Он знал, что бывший тесть злоумышляет против него, что дружба, скрепленная выдачей за него замуж Юлии, давно уже распалась, и потому на лицемерные предложения Цезаря, искавшего примирения, отвечал категорическим отказом.
«Лжет и притворяется, — думал он, прохаживаясь по таблинуму и ожидая приезда сыновей из Рима, — а ведь триумвират можно было бы возобновить: он, я да Цицерон — мужи знаменитые, всеми уважаемые. И республика не испытывала бы потрясений, мир и порядок были бы в ней обеспечены. Не обратиться ли к нему?!»

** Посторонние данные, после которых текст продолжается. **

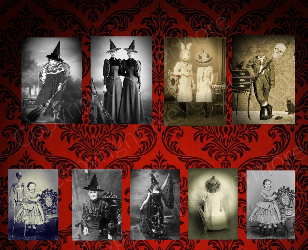 Vintage Halloween Digital Photos Printable Witch Skeleton Costumes Pumpkin Junk Journal Clip Art Printable Craft Ephemera Antique
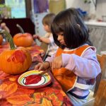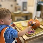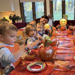 The children were smitten watching our older “friends” walk in the Halloween Parade! Each child waved with joy and watched in awe of our peers; the parade ended with an epic spooky dance by all the students! The toddlers definitely let loose, too! As the week wrapped up, we read all the Halloween books, baked the pumpkin bread, and explored the inside of pumpkins. as one of our young friends said, “Miss Mollie, Finally Halloween!” Yes, kiddo, it’s finally Halloween!!!
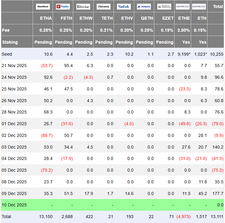 ETH/BTC突破无疑增强了投资者信心。周二ETH ETF单日流入达1.777亿美元,创10月20日以来最高纪录。

Но тут он подумал, что Цезарь первый сделал шаг к сближению, предложив ему в жены свою вдовую родственницу, а он, Помпей, отказался и женился на дочери Метелла Сципиона. Теперь Цезарь мог подумать, что Помпей ищет сближения не ради благосостояния республики, а потому, что боится Цезаря («У него одиннадцать, а у меня семь легионов»), и, нахмурившись, отказался от своего намерения.
Он прилег на ложе и взял сочинение Цицерона «De republica», выпущенное Аттиком в свет незадолго до отъезда оратора в Каппадокию.
— Да, оно, это сочинение, решило все, — прошептал он, — книготорговец Аттик навязал его мне, хотя я не хотел покупать…
В этой книге говорилось о мире между должниками и кредиторами, о союзе демократии, аристократии и монархии, и Помпей вдруг вспомнил, что Цезарь до триумвирата увлекался триединой политикой Аристотеля. Неужели только в ней выход? Примирение с монархией во имя благоденствия отечества?
«Да, и монархом буду, быть может, я… Так вот почему Аттик навязал мне эту книгу!»
Вспомнил о несправедливости к Цицерону, о преследованиях Клодия, об изгнании… И Помпей не защитил друга.
А теперь? Оратор отправился воевать в Азию.
Цицерон писал ему, умоляя о помощи против наступавших парфян, сообщая о победе над ними Кассия под Антиохией, осуждая публиканов, разорявших провинцию: «Ремесленники, деревенские плебеи и свободные земледельцы стонут от вымогательств италийских ростовщиков, которые выколачивают с них долги при помощи военной силы. А кто не в состоянии платить, тот принужден продавать свое поле, дом или детей».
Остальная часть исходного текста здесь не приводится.